The Egg Nebula's defining feature is the series of bright arcs and circles surrounding the central star. A dense layer of gas and dusts enshrouds the central star, blocking its direct light from our view. However, the light from the central star penetrates the thinner regions of this dusty enclosure, illuminating the outer layers of gas to create the arcs seen in this resplendent image (Hubble Site). Spectra of the starlight scattered by the dust reveal that the central star V1610 Cygni has a spectral type of F5. The photosphere of an F5 star is about 900 K hotter than that of the Sun, but it is still not hot enough to have begun ionizing the nebula. Therefore the Egg Nebula is at a slightly earlier evolutionary stage than the Westbrook Nebula whose spectral type B0 central star has just recently begun to ionize the nebula.

The dusty enclosure around the central star is very likely a disc. The bipolar outflows in the image indicate that the system has angular momentum, which is very likely generated by an accretion disc. In addition, a disc geometry would account for the varying thickness of the enclosure that allows light to escape along the disc's axis and illuminate the outer layers of gas, but still blocks it from our direct view along the disc edge. Although dusty discs have been confirmed around several post-AGB objects (S. De Ruyter et al., 2006), a disc around the Egg Nebula is yet to be confirmed.

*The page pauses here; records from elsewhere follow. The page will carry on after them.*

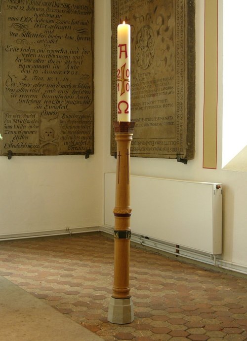 Die Osterkerze spielt als liturgischer Gegenstand in unseren Gottesdiensten eine wichtige Rolle. Ihr Licht steht für die Hoffnung auf die Auferstehung.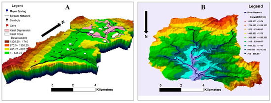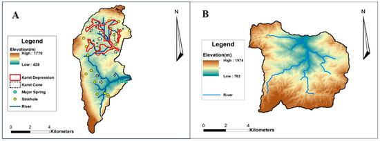 3D Geomorphometric illustration (A) Miaogou watershed characterized by an elongated shape with the presence of spring, sinkholes, caves, karst depressions and karst cones (B) Gaojiaping watershed characterized by a broader fan-shaped area with no karst features.
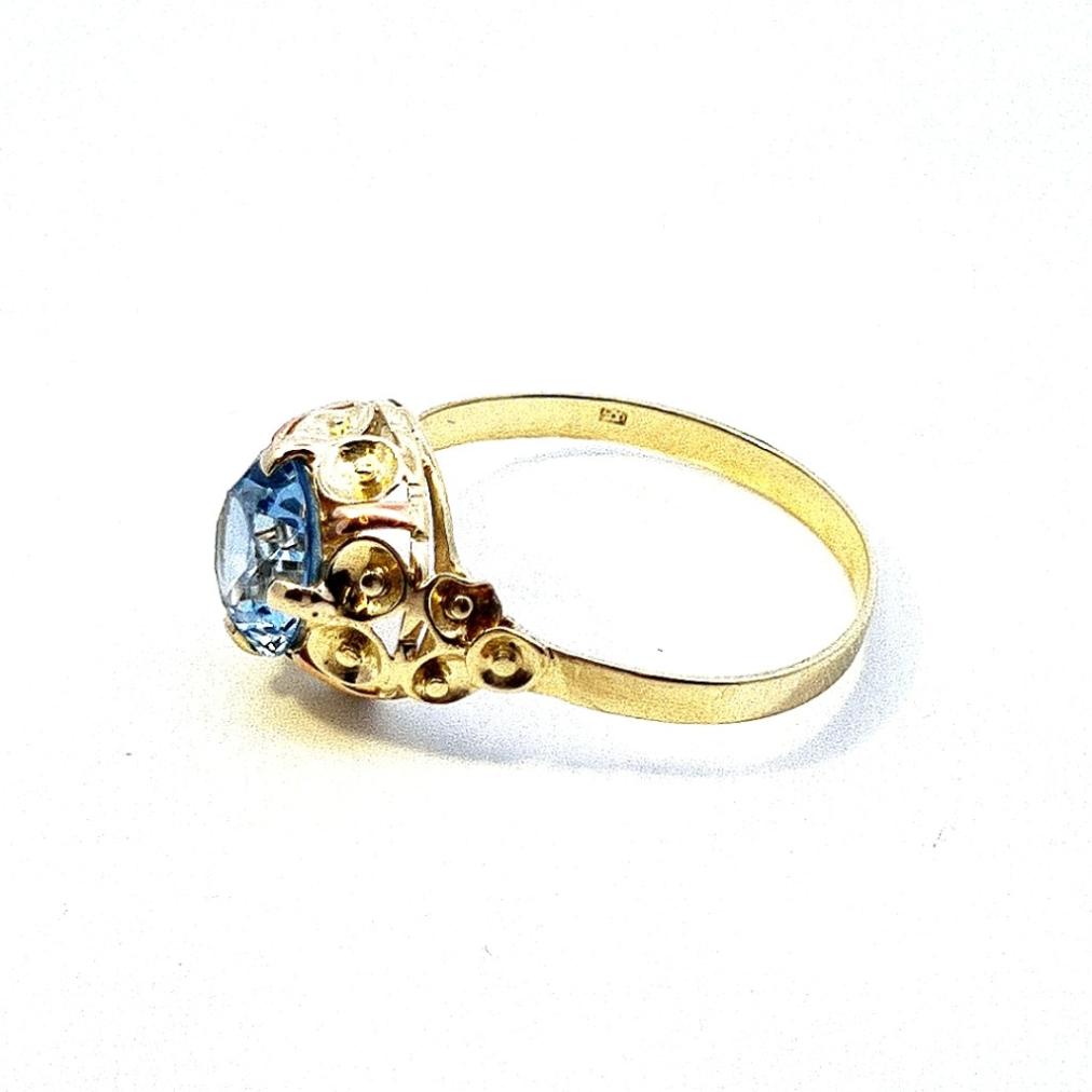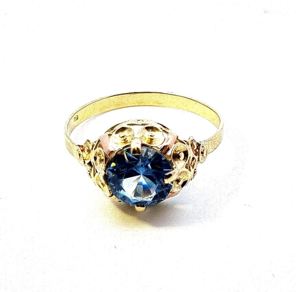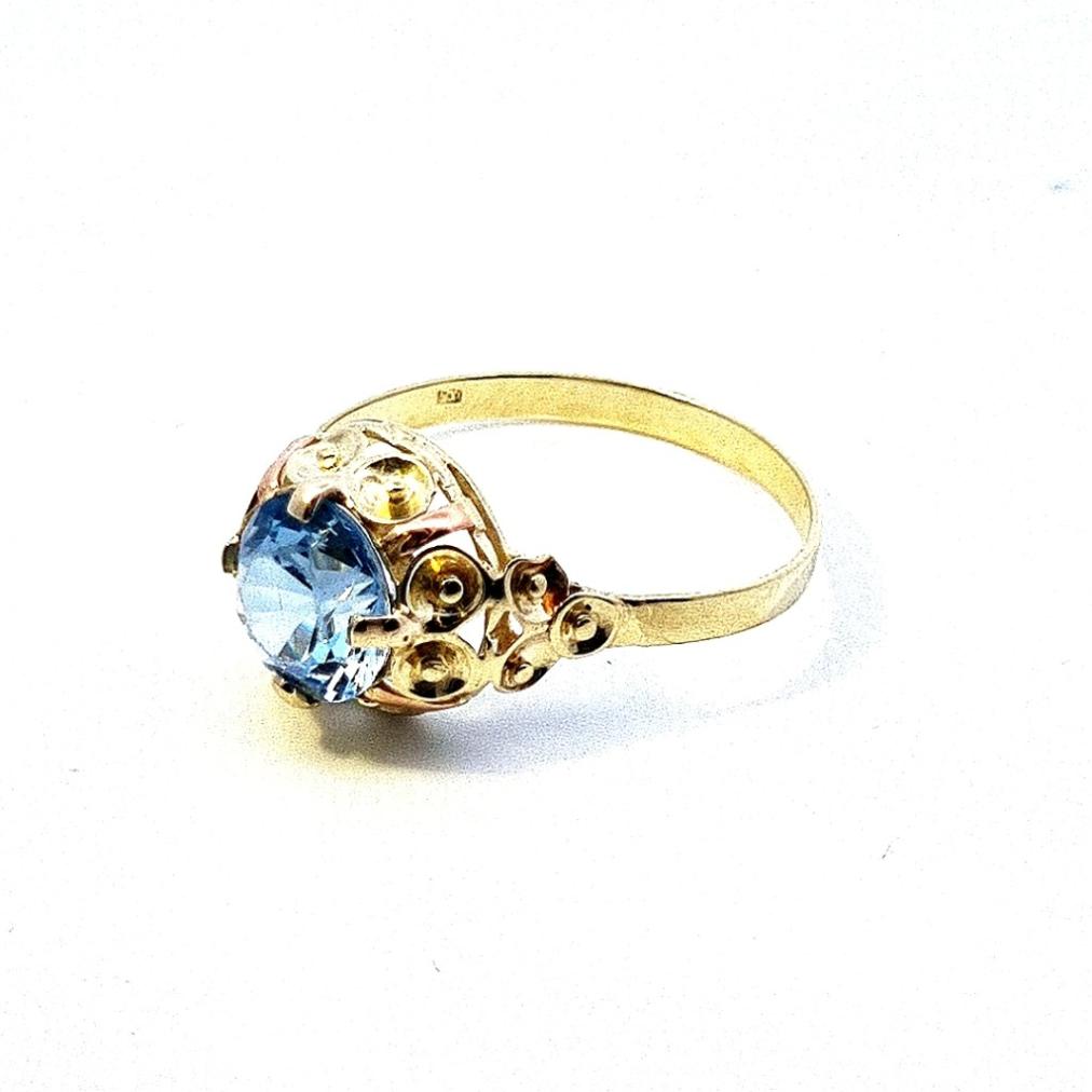 Zlatý prsten s modrým kamenem - topaz, vel. 70

The Egg Nebula shows strong microwave emission from rotational transitions of carbon monoxide (CO) and hydrogen cyanide (HCN). The presence of strong HCN emission indicates that the progenitor AGB star was a carbon star. Millimeter wave spectral lines from 38 molecular species have been detected in the outflow. The CO and HCN spectra have a strong blue-shifted P Cygni absorption feature, and show the presence of a ~100 km/sec high velocity wind inside of the remnant AGB wind (which is expanding at 18 km/sec).

The Egg Nebula was photographed by the Wide Field and Planetary Camera 2 of the NASA/ESA Hubble Space Telescope. The Egg Nebula emits polarized light which can also be detected visually by a medium-sized telescope.